Flavorwire reports that Tor-Forge Books has signed a deal to ebook startup Inkitt to publish the second book in Erin Swan’s Sky Riders fantasy series:
The novel chosen by Inkitt’s “artificially intelligent” algorithm is Erin Swan’s Bright Star, a young adult fiction submitted to the publisher through a writing contest called “Hidden Gems.” Part of a multi-book “Sky Rider” series, it tells the story of the “fantasyland” Paerolia, “where war and conflict has created strong divides,” and where a a rebel leader named Kael helps a slave named Andra “discover the strength that has always been within her” and “fight to win back what Fate kept beyond her reach” — namely a dragon “that should have been her own.” Bright Star is expected to be released in 2017.
Bright Star is only Inkitt’s second title published; the first was also by Erin Swan and was “published” by Inkitt itself (and for some reason it’s not available other than on the Inkitt website).
For a startup publisher that announced its first anniversary in February, that’s a surprisingly small catalog, and that’s not the only odd detail about the company.

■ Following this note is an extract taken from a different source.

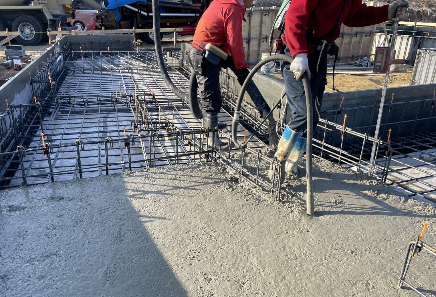 打設の際はコンクリート用のバイブレーターを使い、コンクリート内の空隙をなくし隅々までコンクリートが充填されるようにしていきます。
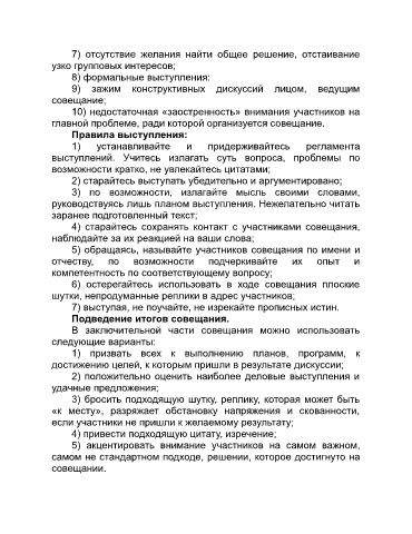 4) старайтесь сохранять контакт с участниками совещания,

Inkitt was founded on the principle that there is no such thing as an expert opinion:
Who are we or any editor in the world to judge whether your book is worth publishing? We don’t think that we or any so-called “expert” is in a position to judge your work. You write your book for your readers, and the most important factor is whether your readers like it or not. That is what we measure at Inkitt.

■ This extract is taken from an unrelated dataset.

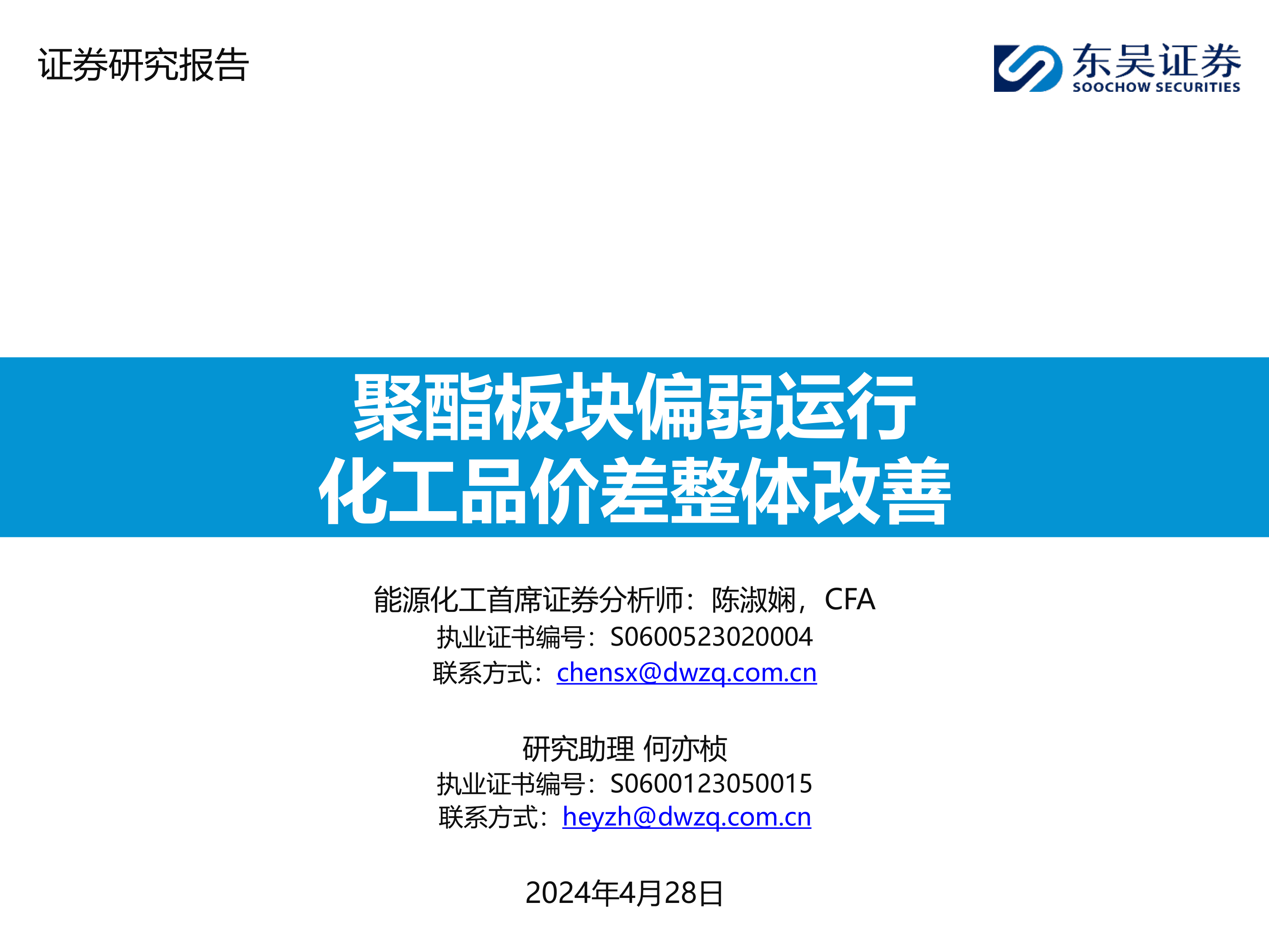 本报告对聚酯、炼油和化工品板块的市场运行情况进行了详细的统计分析,并提供了大量的数据和图表。报告指出,聚酯板块运行偏弱,炼油板块受国际油价下跌影响,化工品板块则呈现分化。报告最后列出了能源化工行业面临的主要风险,提醒投资者谨慎投资。 报告数据主要来源于Wind、Bloomberg和百川盈孚等权威数据机构,并结合东吴证券研究所的专业分析。 投资者应结合自身情况,谨慎参考报告内容进行投资决策。

Given that the crowd-source programs mentioned above, and indie publishing in general, are predicated on the idea of letting the market decide, one could conclude there’s a certain amount of truth to Ikitt’s argument that there is no such thing as an expert.
But what is strange about Inkitt is that after poo-pooing human experts, the publisher proceeds to use an expert algorithm, one which was written by people, to choose which books to publish:
This is why we built artificially intelligent algorithms that have the ability to analyze reading pattern data and engagement levels. This allows us to make objective and data-driven decisions regarding a story’s potential to become a bestseller.

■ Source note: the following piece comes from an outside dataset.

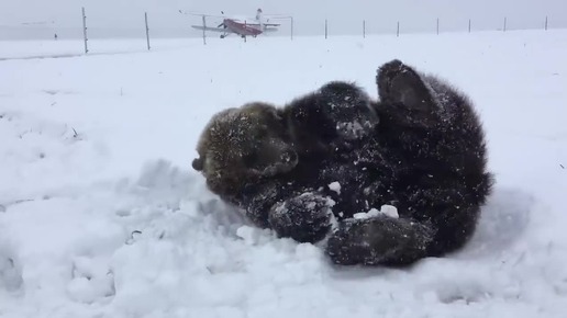 Как медвежонок Мансур радовался первому снегу в его жизни 🐻❄️

Does anyone else see the logical inconsistency there?
Inkitt is simply replacing one expert with another, and using smoke and mirrors to distract you from that fact. That expert algorithm will be biased by the opinions of its creators and will be no more objective than your average human editor (and possibly less so, given that the human editor has more experience in choosing books than the programmer who wrote the algorithm).
In short, Inkitt is just another gatekeeper, and as Writers Beware points out Inkitt is taking 15% of an a title’s net revenue for the privilege of acting as a gatekeeper.
They have set themselves up to be a middleman while at the same time proclaiming that:
We have built a platform that is cutting out the middleman in the publishing industry: the acquisitions editor. There is a long list of books whose authors faced rejection at the hands of publishers. That list includes everything from Moby Dick to Harry Potter. Why? Because individual editors and literary agents make decisions that are subjective – often based on their gut instinct – and this means they sometimes get it wrong.
What makes this last quote so utterly ridiculous is that Inkitt’s whole business model is based on signing authors and then pitching those same acquisition editors.
If nothing else, you have to admire Inkitt for their chutzpah, don’t you?